Friday, July 27, 2007

Lost Journey...

I neglected to write yesterday about one of the most powerful trips I have ever taken. I had to use vacation days or lose them, so I took an unplaned trip to Rome, Naples and Pompeii.

My trip started out with reservation problems in Rome. I am low on cash, so I opted to rebook at the least expensive hostel I could find. The hostel was central, relatively clean, and had no curfew. I went immediately to get food for a picnic and took the subway to Circus Maximus. When I reached the street, I gazed in awe at the ancient stadium, now a bare valley with a mound where the median of the stadium used to be. This small field between the Palatine and Aventine hills was the no-man's land in the mythical conflict between Romulus and Remus that established the ancient city and its earliest administration. The day was sunny and warm with a light breeze. After lunch, I walked to the nearby Piazza de Rocca and fell asleep in the cool grass under a pine tree. I awoke after an hour to a classical concert nearby, listened for awhile, and then walked to the Isola Tiberina and strolled, thinking, along the Tiber. I decided to wait for the next day to tour Rome. I would simply enjoy my books (Collapse, by Jared Diamond and Travels by Michael Chricton) and experience Rome. I looked at the cobblestone streets, the businesses, the schools and the alleys. I went to an internet cafe to do some work and then went to dinner. After dinner, I went to the Giovanni cathedral and read in a cafe, enjoying espresso and ginger cookies.

How expensive Rome is! But the food is so good, I had to enjoy a fine dinner. I am a decent cook, but they use such fresh and good spices in the bistro I went to that I couldn't come close to reproducing the auromas and flavors in their pasta sauce. Their bread was good too, and I ate as if I hadn't eaten for days. I think that is the best thing about Italian food: spice and freshness. The wine was full of flavor and had a good aftertaste. I couldn't afford to go go out for most of my trip, but I was determined to try good Italian cuisine at least one night. Man, was it worth it!

The second day I walked all around ancient Rome, starting in the Forum. The arches, pillars, frescoes, mosaics, and foundations all once used to be part of the largest and most important city in the western world, and I marvelled at the pieces of history and culture that remain. I read and ate lunch amongst the ruins, sitting on foundations that supported city baths and palaces. I climbed the Palatine hill and walked passages once reserved for the most powerful and influential people in Ancient Roman history. The view was spactacular and the day partly cloudy. The strong Italian sun was again tempered by the clouds and the breeze which rustled the leaves and pine needles of the trees in the gardens. The museum atop the hill displays artifacts from the prehistoric Urnfield culture found beneath the forum to late Imperial Rome. The foundations and support holes for huts were found on the Aventine side of the hill, dated to the 8th century BC. The museum pushes the theory that this was the site of Romulus' city and the first Roman kingdom. It is nice to think about, anyway.

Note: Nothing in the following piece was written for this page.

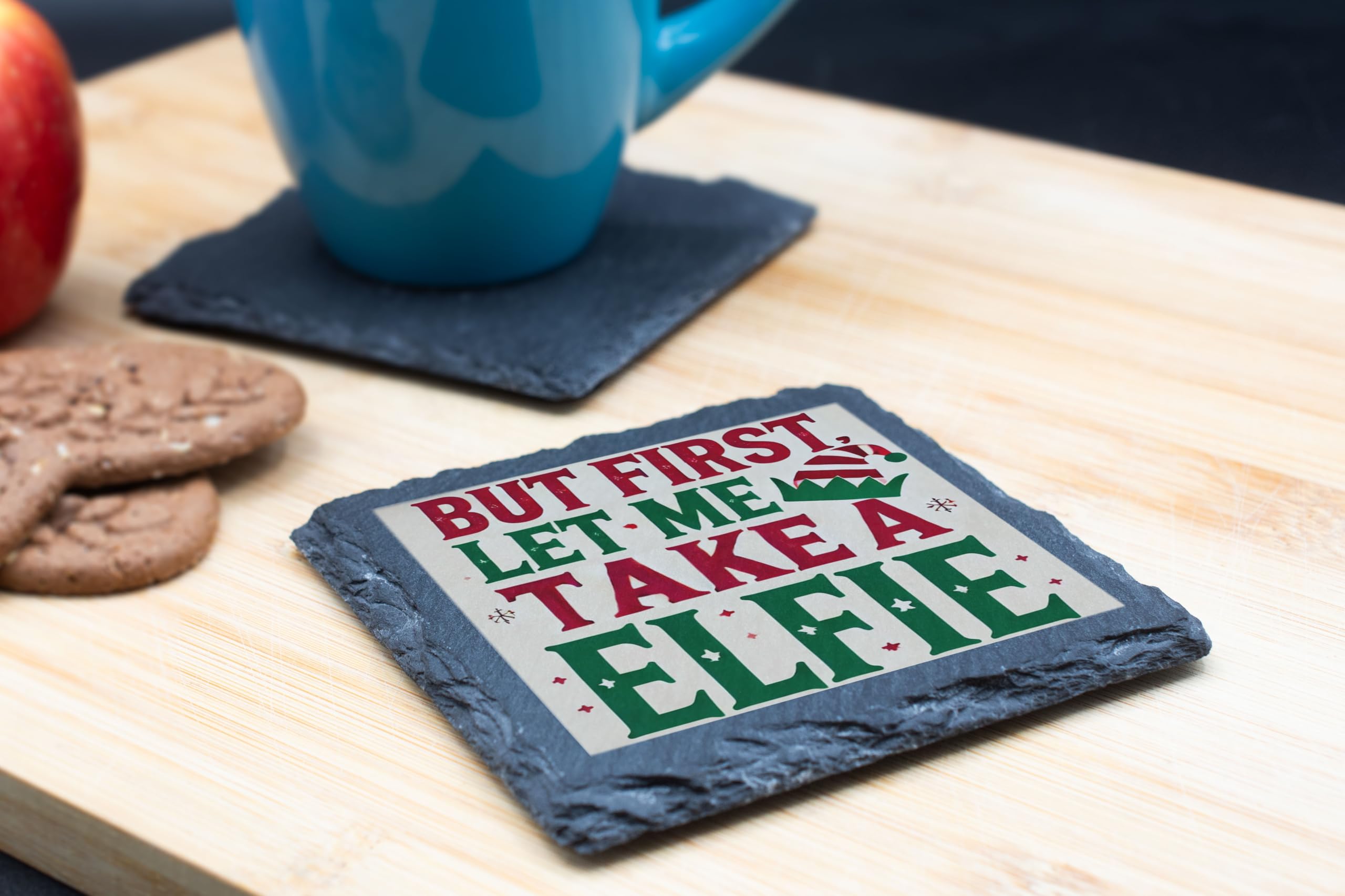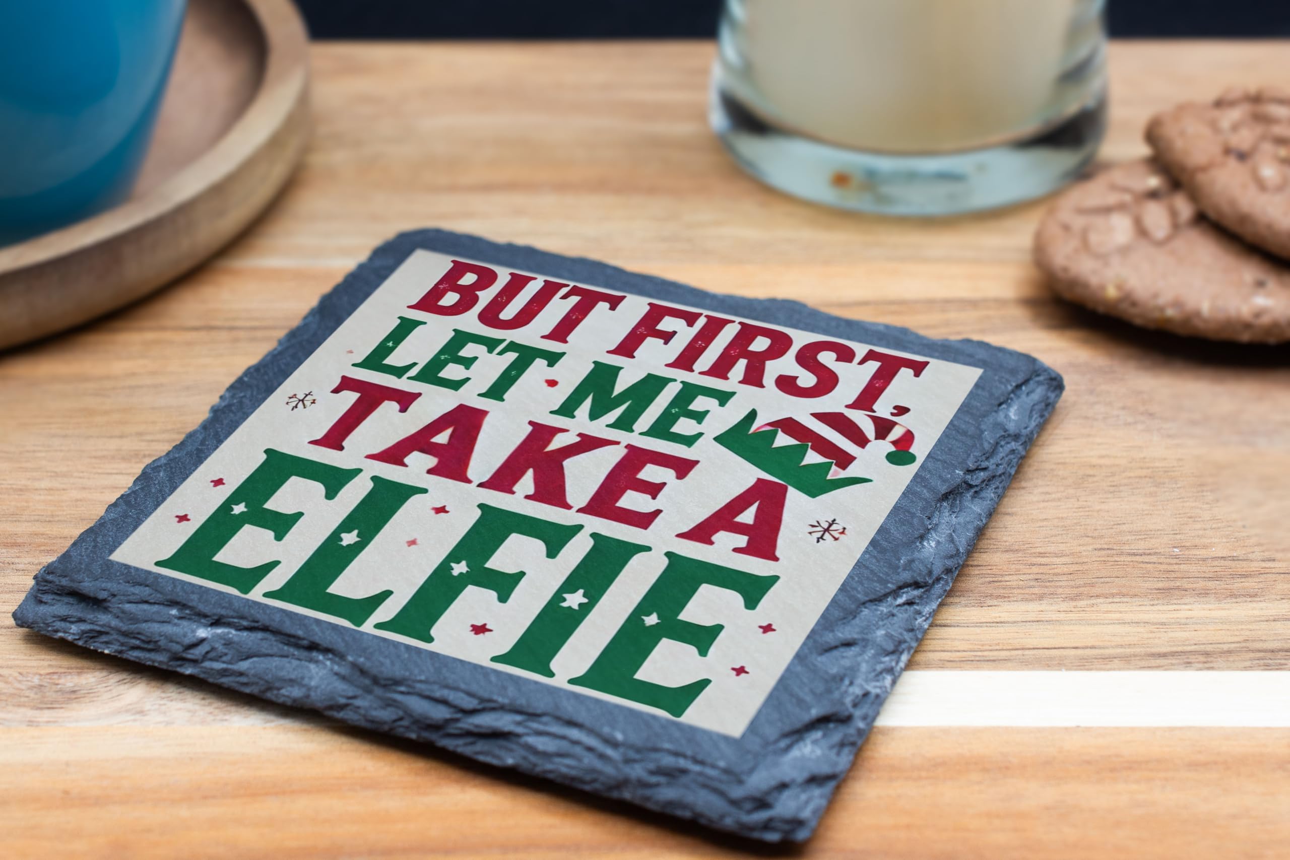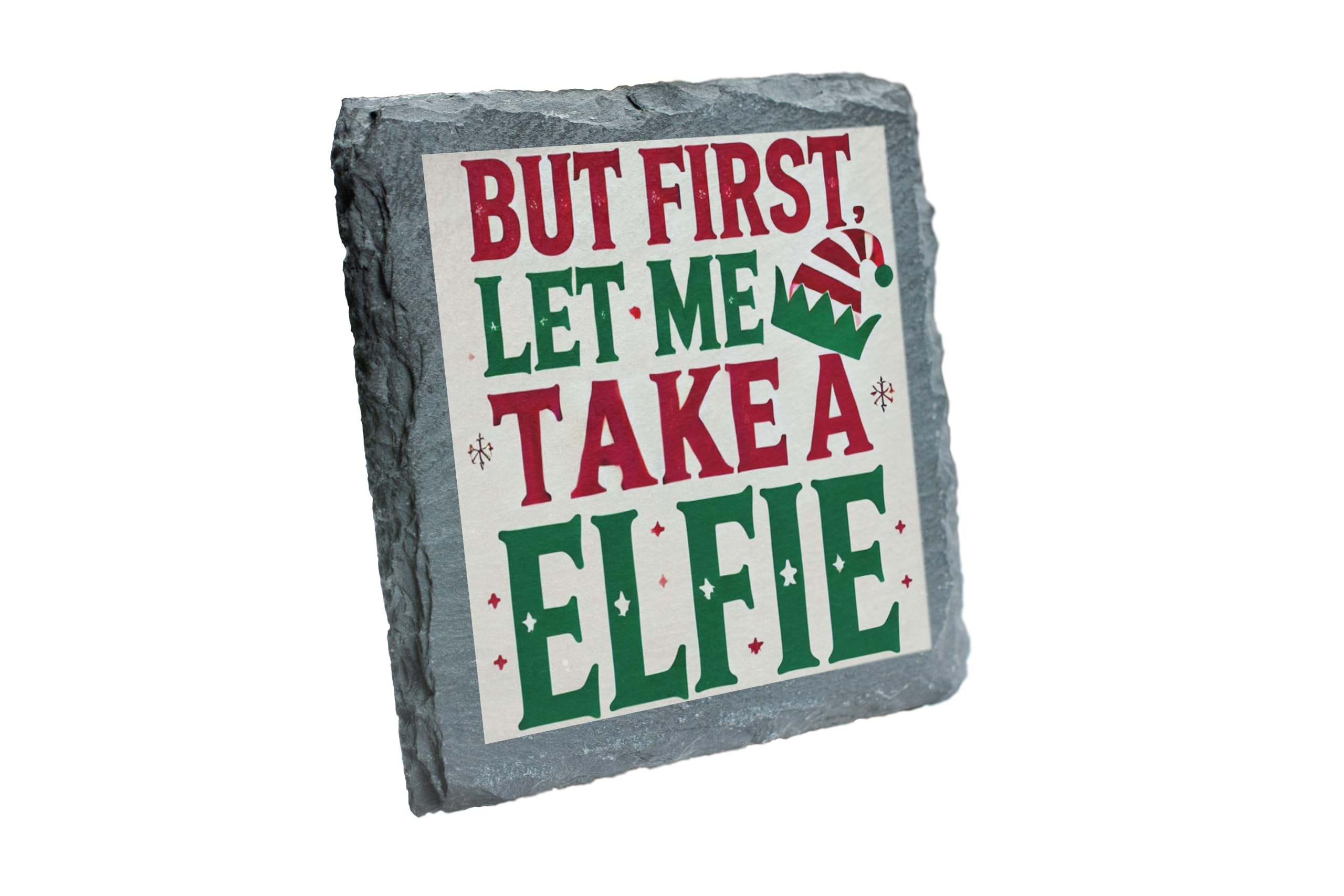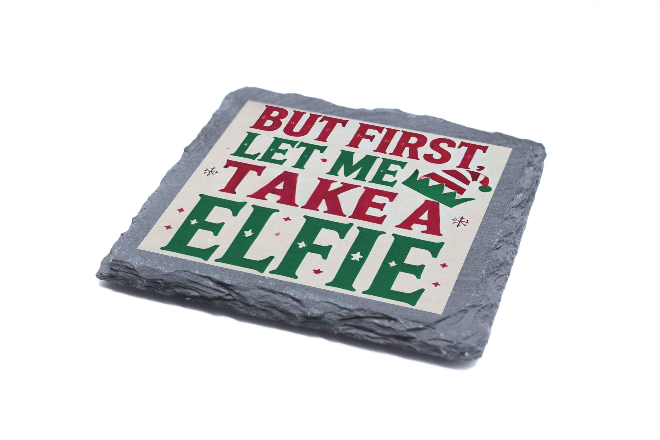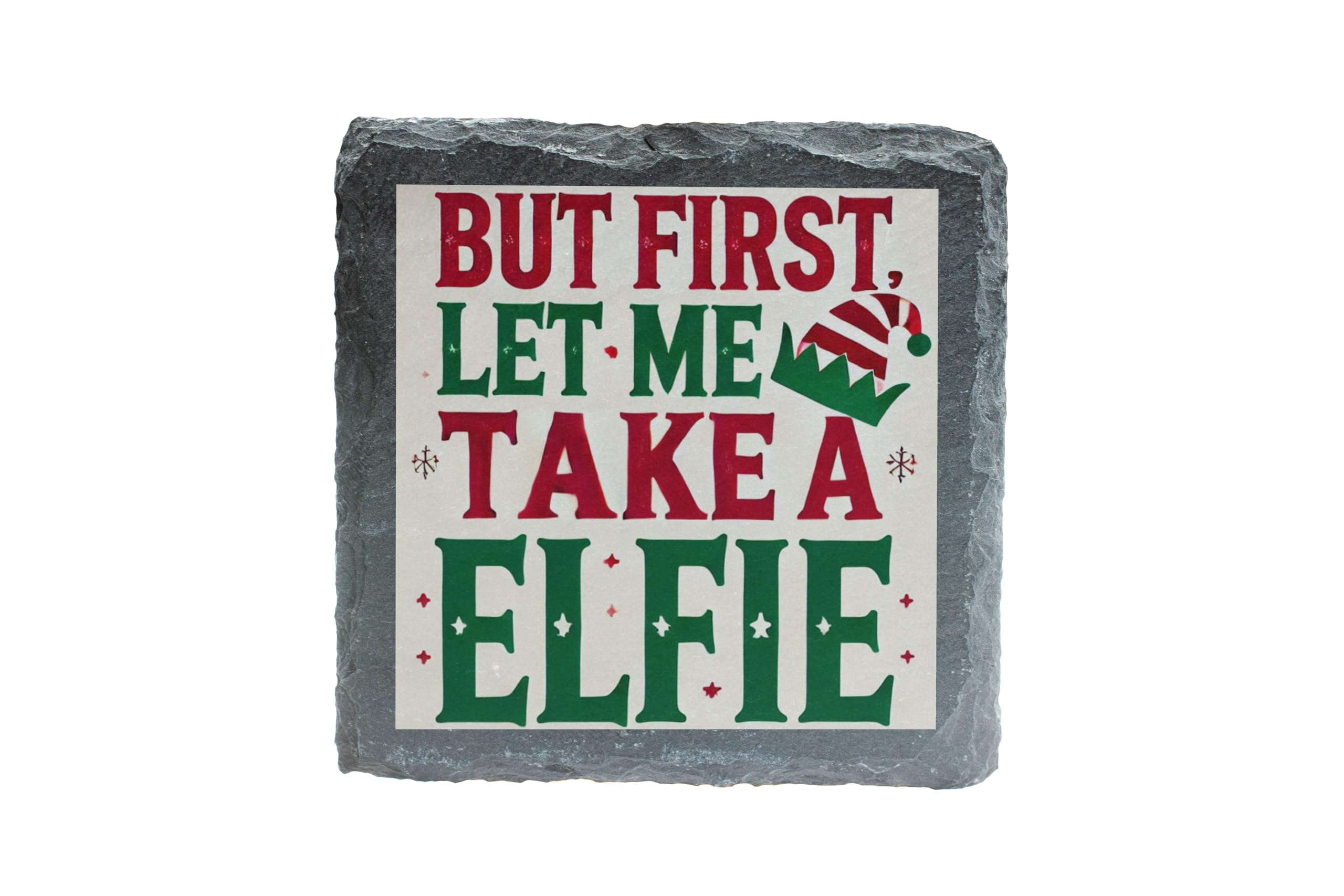 Add a touch of humor and holiday cheer to your d?cor with the "But First, Let Me Take a Elfie" Slate Coaster. Whether you're hosting a Christmas gathering, enjoying a cozy night by the fireplace, or looking for a festive gift, this coaster is the perfect choice. Handcrafted from premium natural slate, it?s both practical and stylish. This playful design, with vibrant holiday colors and a whimsical elf hat, is sure to bring smiles to your guests and loved ones. Use it to protect your furniture from drink stains while spreading joy and laughter. This coaster is an excellent stocking stuffer, Secret Santa gift, or a fun addition to your holiday table settings. Celebrate the season with this lighthearted yet functional piece of Christmas cheer!
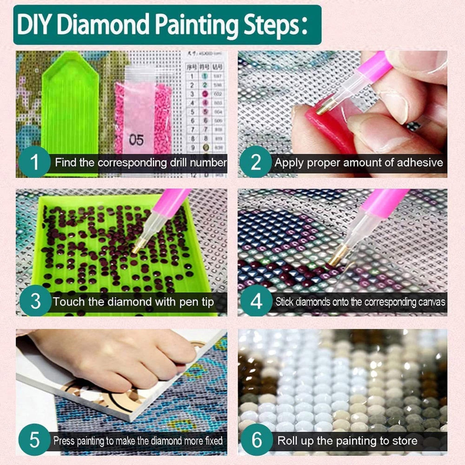 - 100% full-round drill 5d diamond painting kit: This kit includes everything you need to complete your diamond painting project, including diamonds, canvas, adhesive,diamond applicator pen and plastic tray.

I entered the Colosseum in the early afternoon and took hours studying and absorbing the architecture, scale, and complexity of the building. How impressive it is! I'm glad it was voted one of the 7 modern wonders (though I don't really support that contest or idea). It is such a beautiful, powerful building its presence is inspiring. I have seen it is pictures and on television all my life, but seeing it in person was a fully different experience. If it were built in the United States today, in the same scale, it would be impressive. With the artistry and detail, and considering the common scale of other man-made structures, it must have been other-worldly. The gallery inside the Colosseum had an exhibit of Eros artwork from the ancient world. I had a good time hearing American tourists realize what they were looking at in some of the mosaics/pottery on disply. "Oh my goodness, would you look at that! Do you know what that is!?" "That is disgusting!" "They were perverted!" "Let's go kids. Let's see the Forum. Who wants Ice Cream?" It was hilarious to see people's reactions to the explicit artwork.

I am off to a children's summer camp right now. I will retun to Stara Zagora in about a week, where I'll continue this story and write about recent experiences. Have a good week everyone!